In the early 1960s when renal transplantation was first tried in any numbers, few children were included except at our own center at the University of Colorado. One of the pediatricians there who had sent us an 8-year-old girl for renal transplantation witnessed so much morbidity in his own patient that he wrote a thoughtful editorial in the Journal of Pediatrics in 1964 that questioned deeply whether such endeavors should be allowed to go forward.10 One of his principal concerns was that with the necessity for long-term high-dose steroid therapy (combined with azathioprine), normal growth could not be expected. As it turned out, Dr Riley’s little patient is today a practicing physician, and many other renal recipients of that era are still alive and well. It was not until 5 or 6 years later that it was realized that catch-up growth in many such children could be expected, especially if living related donors had been used with the consequent ability to greatly reduce steroid therapy for long-term maintenance.11
In 1966, the first systematic application of renal transplantation in children was described in Pediatric Clinics of North America12 In that article, it was noted in a general sense that
the greatest application of whole organ transplantation may prove to be in the field of pediatric medicine, in which the progression of disease is often due to failure of a single organ system.
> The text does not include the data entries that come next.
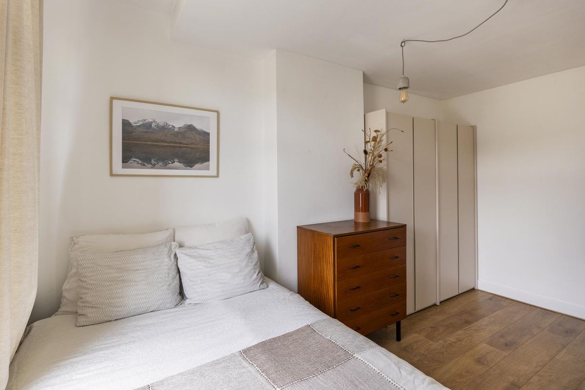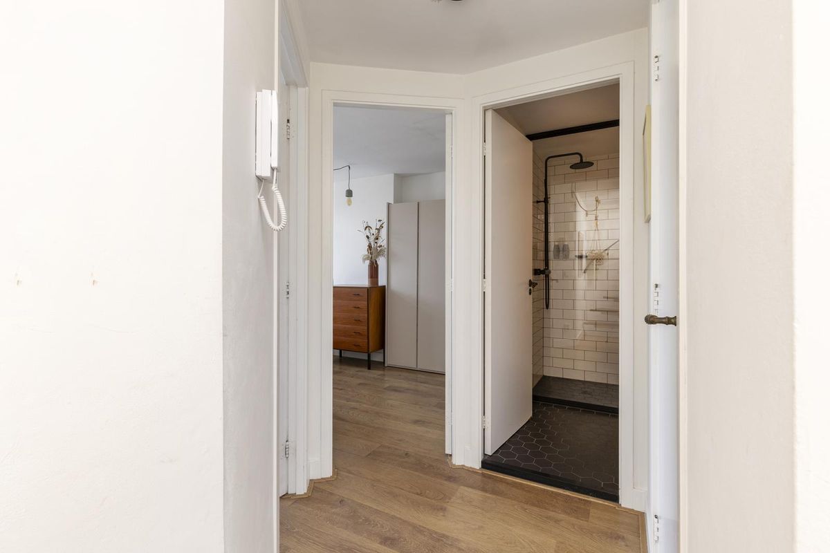 U komt binnen in de hal met toegang tot het toilet, een praktische berging met aansluitingen voor de wasmachine en droger en de woonkamer. Aan de voorzijde bevindt zich de woonkamer met een Frans balkon en een sfeervolle open haard. Grenzend aan de woonkamer bevindt zich een compacte kamer van circa 4 m², ideaal als thuiskantoor of derde slaapkamer. Aan de achterzijde bevindt zich de open keuken met kookeiland. De keuken is voorzien van een groot gasfornuis, koelkast, vriezer en vaatwasser.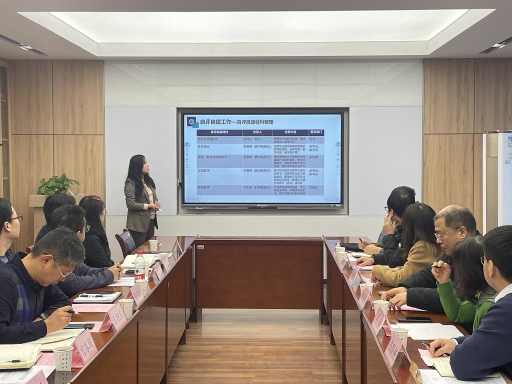 在自评自建工作、线上及入校评估、亮点工作几个方面的具体开展情况,重点就本科生参与教师科研项目、如何做好课程思政、科教融合等分享了宝贵的经验。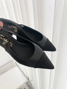 CC Slingback 15mm Black Lambskin And Denim Fabric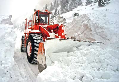 A workers clears snow on a highway after a snowslide hit the region in Yili Prefecture of the southwest China's Xinjiang Uygur Autonomous Region, January 11, 2005. Authorities said the heavy snowfall has affected some 622,000 people in Altay, Tacheng and Ili prefectures of northern Xinjiang, stranding 224,800 people and killing 9,234 head of livestock. [Xinhua]
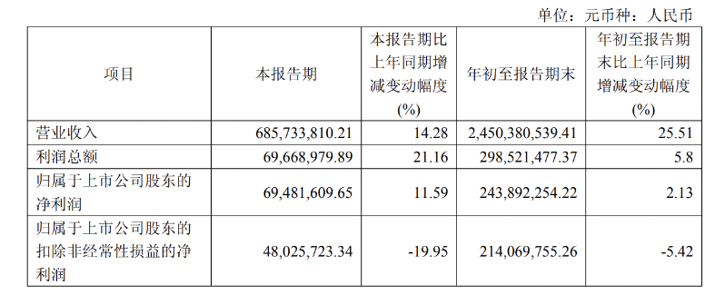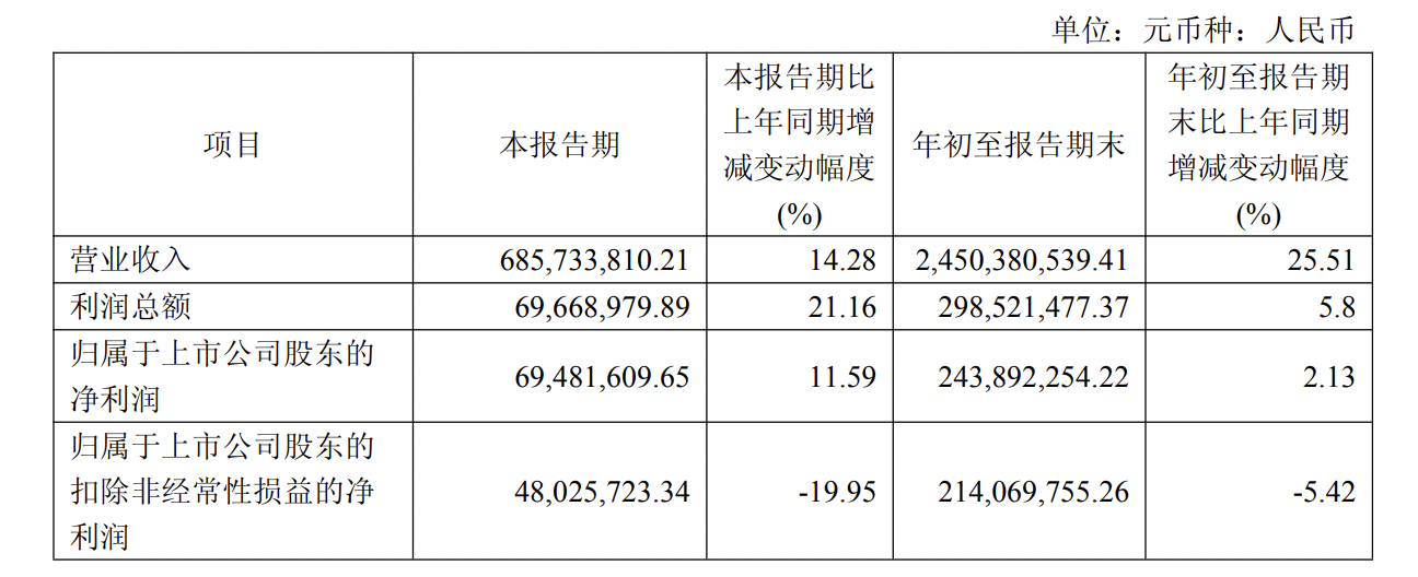 2025年三季报显示,1-9月,丸美生物营业收入24.5亿元,同比增长25.51%;归母净利润2.44亿元,同比增长2.13%。其中,第三季度,公司营业收入6.86亿元,同比增长14.28%;归母净利润6948.16万元,同比增长11.59%。
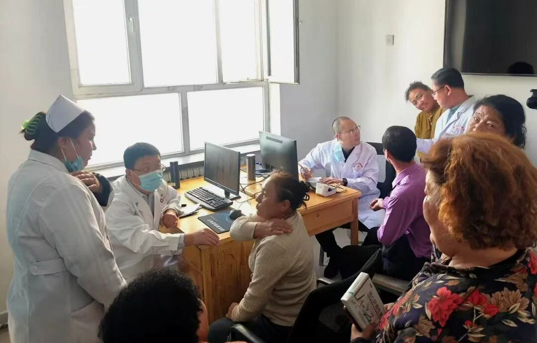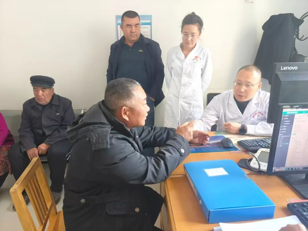 在阿克苏普乡卫生院,一大早便挤满了前来咨询就诊的群众,其中以老年人、慢性病患者居多。专家团队按照学科分工有序坐诊,耐心接待每一位群众,仔细询问病史、查看既往病历报告,针对高血压、糖尿病、关节炎、慢性呼吸系统疾病等常见病进行精准诊断,给出个性化治疗方案与用药指导。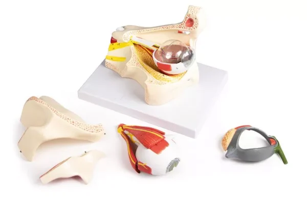 این مدل شامل ۱۳ قسمت قابل جداشدن است که هرکدام بخش مهمی از آناتومی چشم را نشان میدهند: چشمپلک با غده اشکی و مجرای اشکی، عضلات خارجی چشم (۴ قسمت)، گلچشم (گلوب چشم) که در دو نیمه تفکیک میشود، و بخشهای داخلی چشم شامل قرنیه، عنبیه، عدسی و جسم زجاجی در سه بخش مجزا. همهی این قطعات روی پایهای قابل جابجایی سوار شدهاند تا نمایش و آموزش را راحتتر کنند.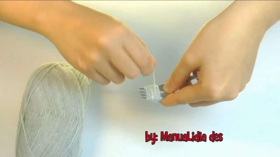 A continuación empezamos a enrollar la lana sobre los dientes del tenedor.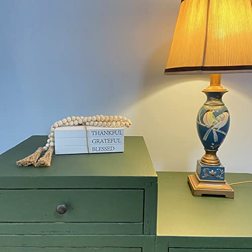 - What you'll receive: a set of decorative white books that say "Thankful, Grateful, Blessed" The set also includes a farmhouse bead garland with tassels, creating a stylish look for your bookshelf, nightstand, coffee table and fireplace.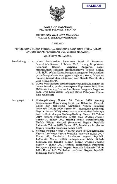 Keputusan Wali Kota Makassar Nomor 4 Tahun 2025 Tentang Penunjukan Kuasa Pengguna Anggaran Pada Unit Kerja Dalam Lingkup Dinas Pekerjaan Umum Kota .............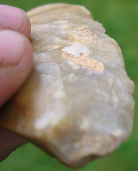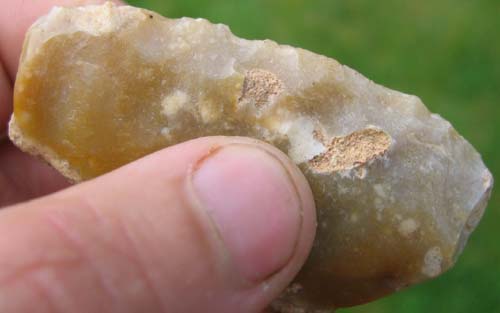 voici un outil en silex trouvé dans le 53, il mesure 6cmx3cmx1cm d'épaisseur, tout la partie haute est retouchée même si ce n'est pas hyper visible sur la photo.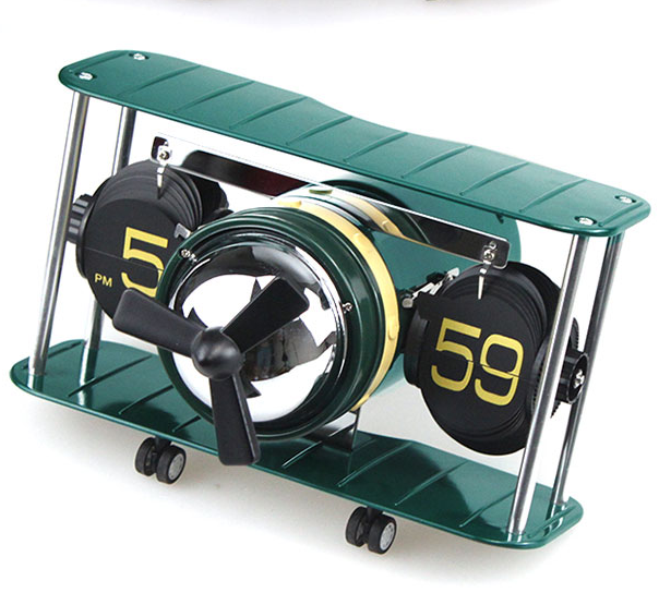Miaoke retro German aircraft head model type automatic page turning watch European simple living room biplane fighter seat clock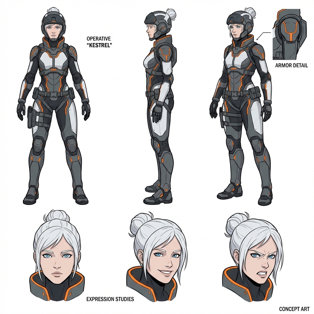 A professional character design sheet for a futuristic female operative. High-tech clothing with orange accents, white hair, blue eyes. The layout is a 2x3 grid. Top row: Full body front view, side profile view, 3/4 turn view. Bottom row: Close-up of face - neutral expression, smiling, angry. Clean lines, flat shading, white background. Concept art style. --ar 3:2

Under these circumstances the provision of good renal or hepatic or cardiac function might be expected to restore normal health. In adult patients comparable problems are frequently and sometimes unexpectedly complicated by disorders other than those to which treatment was originally directed.
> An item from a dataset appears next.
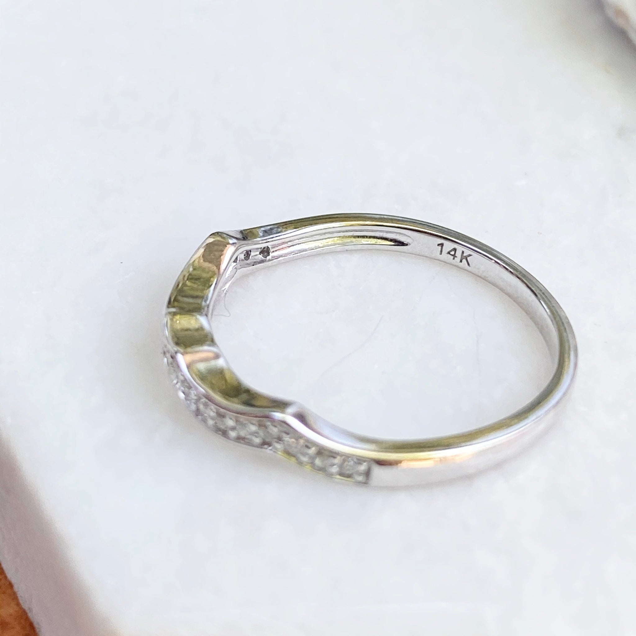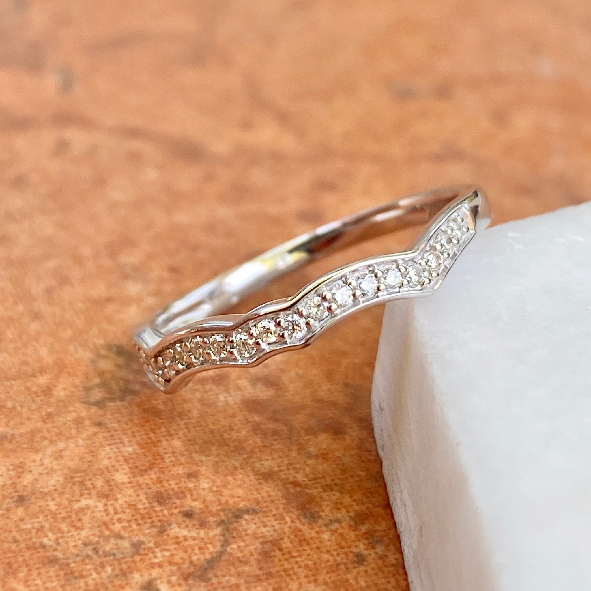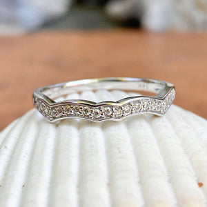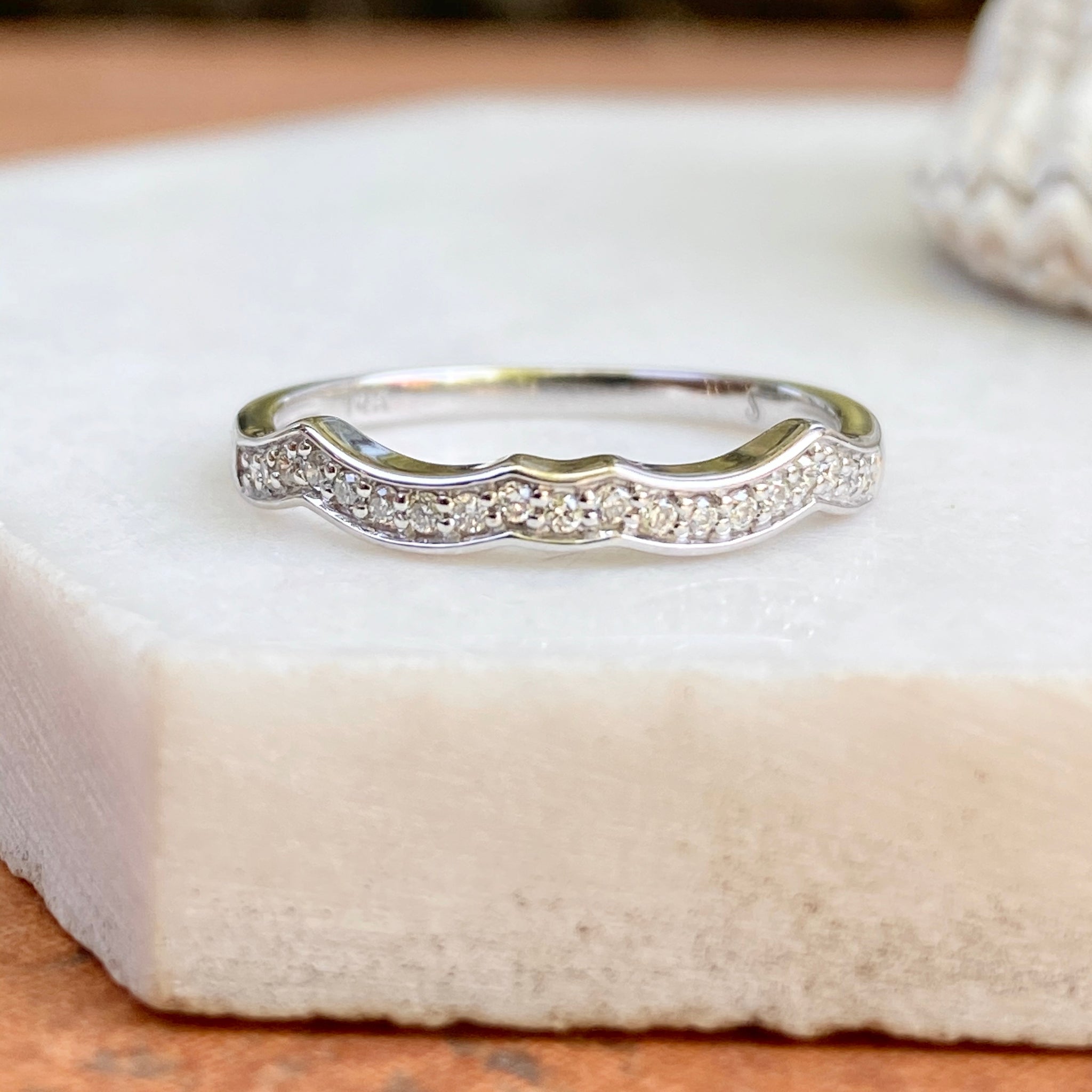 14KT White Gold 1/8 CT Diamond Wave Band Wedding Band Ring

The results with renal transplantation were so striking that many other centers began similar efforts, most notably at the Medical College of Virginia where Hume worked.13
In the same Pediatric Clinics article, a brief notation was made about the possibility of liver transplantation as follows:
It has been natural to think of extending comparable replacement therapy to diseases which result in functional failure of other organs. At present, liver transplantation appears to offer the most immediate possibility of clinical utility. Such hope derives principally from studies in dogs.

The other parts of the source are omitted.